J Neurochem. 1991 Jan;56(1):294-8. doi: 10.1111/j.1471-4159.1991.tb02595.x.
We investigated the effect of staurosporine on Ca2+/calmodulin-dependent protein kinase II (CaM kinase II) purified from rat brain. (a) Staurosporine (10-100 nM) inhibited the activity of CaM kinase II. The half-maximal and maximal inhibitory concentrations were 20 and 100 nM, respectively. (b) The inhibition with staurosporine was of the noncompetitive type with respect to ATP, calmodulin, and phosphate acceptor (beta-casein). (c) Staurosporine suppressed the auto-phosphorylation of alpha- and beta-subunits of CaM kinase II at concentrations similar to those at which the enzyme activity was inhibited. (d) Staurosporine also attenuated the Ca2+/calmodulin-independent activity of the autophosphorylated CaM kinase II. These results suggest that staurosporine inhibits CaM kinase II by interacting with the catalytic domain, distinct from the ATP-binding site or substrate-binding site, of the enzyme and that staurosporine is an effective inhibitor for CaM kinase II in the cell system.
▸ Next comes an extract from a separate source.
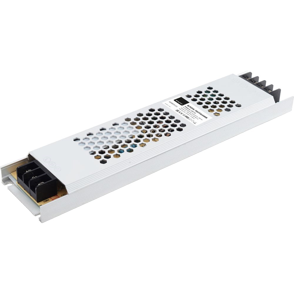 Блок питания Apeyron обладает на выходе постоянным током с напряжением 24В, что делает его идеальным источником питания для таких изделий, как светодиодная лента, светодиодные лампы, линейки и модули с рабочим напряжением 24В. Компактный, алюминиевый корпус с размерами 250х53х22мм позволит найти место для монтажа в любом интерьере, спрятать в местах с ограниченным пространством. Также он будет легок в подключении благодаря клеммам, снабженным маркировкой на корпусе. Кроме всего прочего этот блок питания, благодаря входному фильтру, будет работать при скачках напряжения в диапазоне 185-253В, в то время как выходной фильтр сглаживает пульсацию и защищает ваши глаза. Данный блок питания для светодиодной ленты имеет степень защиты от пыли и влаги IP20, а это значит, что его рекомендуется устанавливать в сухих и проветриваемых помещениях.

我们研究了星形孢菌素对从大鼠脑中纯化的钙/钙调蛋白依赖性蛋白激酶II(CaM激酶II)的作用。(a)星形孢菌素(10 - 100 nM)抑制CaM激酶II的活性。半最大抑制浓度和最大抑制浓度分别为20 nM和100 nM。(b)就ATP、钙调蛋白和磷酸受体(β-酪蛋白)而言,星形孢菌素的抑制作用属于非竞争性类型。(c)星形孢菌素在与抑制酶活性相似的浓度下抑制CaM激酶II的α和β亚基的自磷酸化。(d)星形孢菌素还减弱了自磷酸化的CaM激酶II的钙/钙调蛋白非依赖性活性。这些结果表明,星形孢菌素通过与该酶不同于ATP结合位点或底物结合位点的催化结构域相互作用来抑制CaM激酶II,并且星形孢菌素在细胞系统中是CaM激酶II的有效抑制剂。